WORKING DATA:

_ _ _ _ _

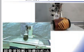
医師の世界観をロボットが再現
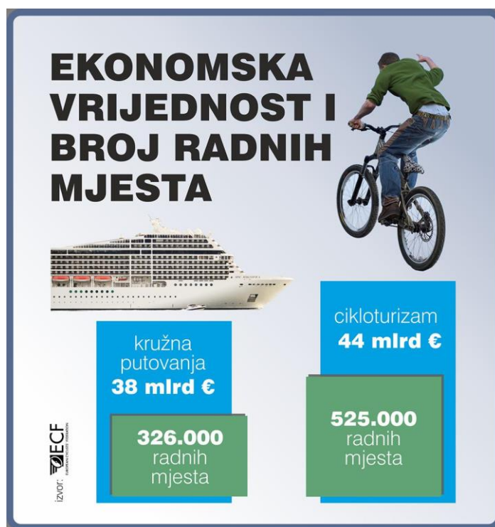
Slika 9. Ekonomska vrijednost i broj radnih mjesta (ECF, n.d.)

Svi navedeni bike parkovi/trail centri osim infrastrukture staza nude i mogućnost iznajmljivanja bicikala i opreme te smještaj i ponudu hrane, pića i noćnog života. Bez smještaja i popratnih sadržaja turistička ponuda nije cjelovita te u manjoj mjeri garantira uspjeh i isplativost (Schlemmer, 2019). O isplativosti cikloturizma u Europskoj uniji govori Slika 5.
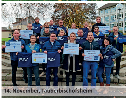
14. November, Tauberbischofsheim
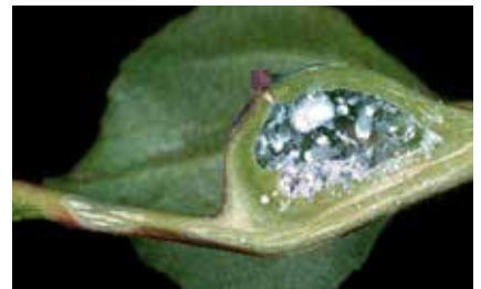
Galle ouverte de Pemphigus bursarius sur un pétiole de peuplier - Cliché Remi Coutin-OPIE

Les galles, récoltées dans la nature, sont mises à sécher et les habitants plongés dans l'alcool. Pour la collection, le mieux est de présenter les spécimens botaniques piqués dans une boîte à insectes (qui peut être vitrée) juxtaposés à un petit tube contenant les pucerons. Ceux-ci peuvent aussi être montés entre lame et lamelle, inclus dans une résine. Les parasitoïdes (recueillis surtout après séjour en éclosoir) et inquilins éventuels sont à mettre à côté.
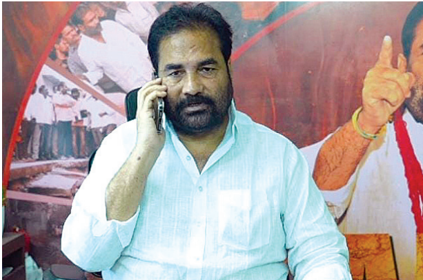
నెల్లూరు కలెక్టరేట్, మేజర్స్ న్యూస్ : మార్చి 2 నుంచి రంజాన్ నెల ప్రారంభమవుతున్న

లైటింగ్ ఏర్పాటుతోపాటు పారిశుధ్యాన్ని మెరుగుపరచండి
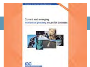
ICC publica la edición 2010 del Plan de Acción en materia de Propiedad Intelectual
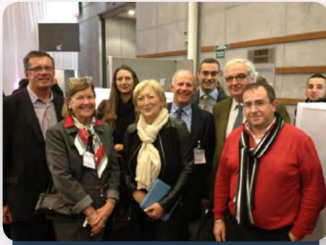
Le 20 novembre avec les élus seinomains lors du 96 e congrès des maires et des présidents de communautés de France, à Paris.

_ _ _ _ _

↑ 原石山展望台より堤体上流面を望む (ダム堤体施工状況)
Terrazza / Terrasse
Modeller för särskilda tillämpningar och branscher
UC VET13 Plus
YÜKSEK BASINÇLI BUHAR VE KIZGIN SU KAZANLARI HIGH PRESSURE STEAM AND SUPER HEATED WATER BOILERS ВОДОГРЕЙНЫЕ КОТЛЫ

_ _ _ _ _

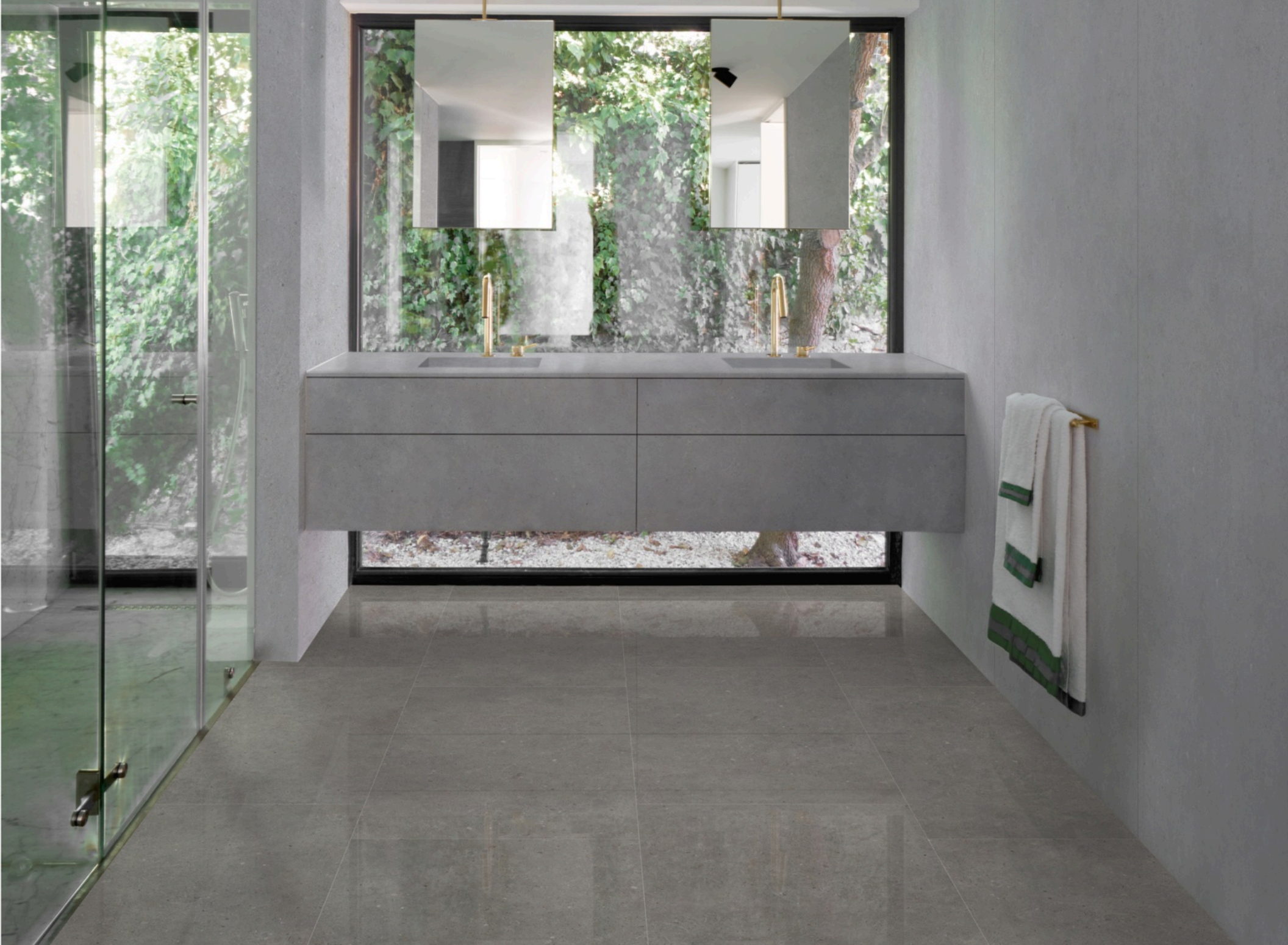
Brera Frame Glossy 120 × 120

_ _ _ _ _

EXERCISE DESCRIPTION:
Within these entries, output exactly the lines starting at the one with "医師の世界観をロボットが再現" and finishing at the one with "Slika 9. Ekonomska". Leave pictures out of the output.

EXERCISE ANSWER:
医師の世界観をロボットが再現
Slika 9. Ekonomska vrijednost i broj radnih mjesta (ECF, n.d.)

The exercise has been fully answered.